La cabeza me da vueltas. Abro un ojo. 
Los objetos flotan en el tiempo muerto
de esta áspera mañana sin trabajo.

Los baña una luz invernal,
manchada por los residuos 
de un sueño espeluznante
que tuve anoche.

Imágenes evaporadas
en ese abrir y cerrar de ojos.
¿De qué trataba?
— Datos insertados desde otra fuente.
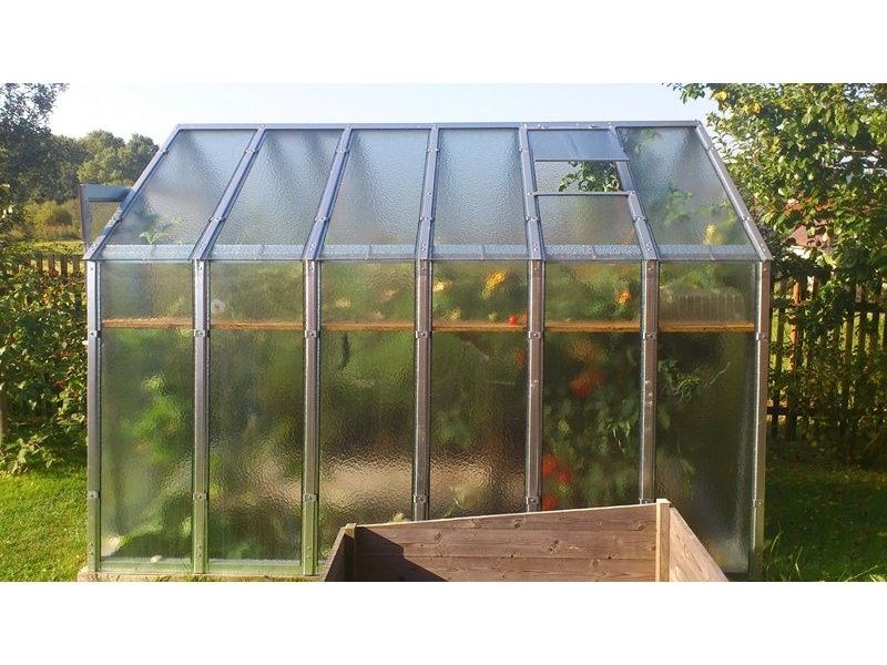 Popis: Boční stěny skleníku jsou mírně šikmé. Odolná konstrukce vhodná do míst s nepříznívými podmínkami.

Ni idea.
Serían escenas de amor y de odio
con parientes de ambos sexos.

No me atrevo a moverme:
el resto de la sábana 
está más bien frío.

Esta tibieza inmóvil
es una especie de felicidad idiota,
pero aquí estoy, 
dividido por una lucha interior:
necesito un café para escalar
hasta el mediodía familiar,
estridente y encazuelado,
pero la cocina queda muy lejos.

Medito, entonces,
sobre la actualidad de la política:
percibo un rumor de insectos prematuros,
aunque no veo nada significativo.

O sea, con primarias o sin ellas,
cuando llegue el momento
votaré por el diablo en persona,
a como dé lugar.

Miro la ventana.
Al otro lado hay un país
mal hecho de pies a cabeza:
una sociedad histérica y arribista,
cocinándose entre el vampirismo financiero
y los atascamientos de tránsito lento.

Mal gusto por doquier.
Buses que no caben
en su propia chatarra.

Medios de comunicación
cuyos contenidos son
de codiciosa índole.

Tal vez debería callarme
y tratar de aportar
mis granitos de arena
en nombre de los
empoderamientos
de la sociedad civil,
que no sé si es 
lo mismo que la otra.

Eso, a mejorar 
la calidad de vida
del chileno medio.

No se me ocurre cómo.

Los días inútiles son así,
una enfermedad dulzona
que se nos impone, 
una o dos veces a la semana,
como el gran momento
de las decisiones indecisas.

¿Vamos a la ducha o todavía no?
¿Intentamos leer una novela
del mexicano Carlos Fuentes
en posición horizontal?

Como se murió el otro día,
ocurre algo digno de ser evaluado
por los brujos faranduleros:
las tapas de sus libros
emiten una rara fosforescencia.

Es el discreto encanto
de los novelistas muertos.

A mis hijos, adictos
a las mal llamadas redes sociales
-los atrapan como a peces de superficie
en la lagunita del computador-,
el nombre de Carlos Fuentes
les suena un poco.

Supongo que, como ustedes,
debieron leer en el colegio
su famoso relato Aura,
donde una anciana sufría
y gozaba de calenturas
encarnadas en cuerpos más jóvenes.

Algo así, metafísico y carnal.
La idea, creo, era no morir del todo.

A mí, no sé muy bien por qué,
la muerte de Carlos Fuentes
me conmovió bastante.

Será por ese lugar común
de que su desaparición
es un anuncio más
del fin de una época
que, digan lo que digan,
tuvo su gracia
cuando yo era adolescente:
los ya viejos monstruos del boom
de los años sesenta y setenta,
el escritor como intelectual opinante
e infatigable -a veces hasta revolucionario-,
la escritura todavía a mano 
o con teclas de metal y tinta en los dedos.

¿Será tan bueno leer?
Me refiero a las novelas,
que hay quien dice 
que no sirven para nada.

Además, 
intentar hacerlo en la pantalla
(el papel de la literatura se va 
a terminar más temprano que tarde)
es un acto de alto riesgo,
muy dudoso para la salud humana.

Es que ahí la dispersión del intelecto
no tiene vuelta: mucho ¡ping! 
y mil ventanitas ennervantes
como túnenes de feria.

Una obviedad, claro,
pero hoy la vida es así:
ya no hay misterio.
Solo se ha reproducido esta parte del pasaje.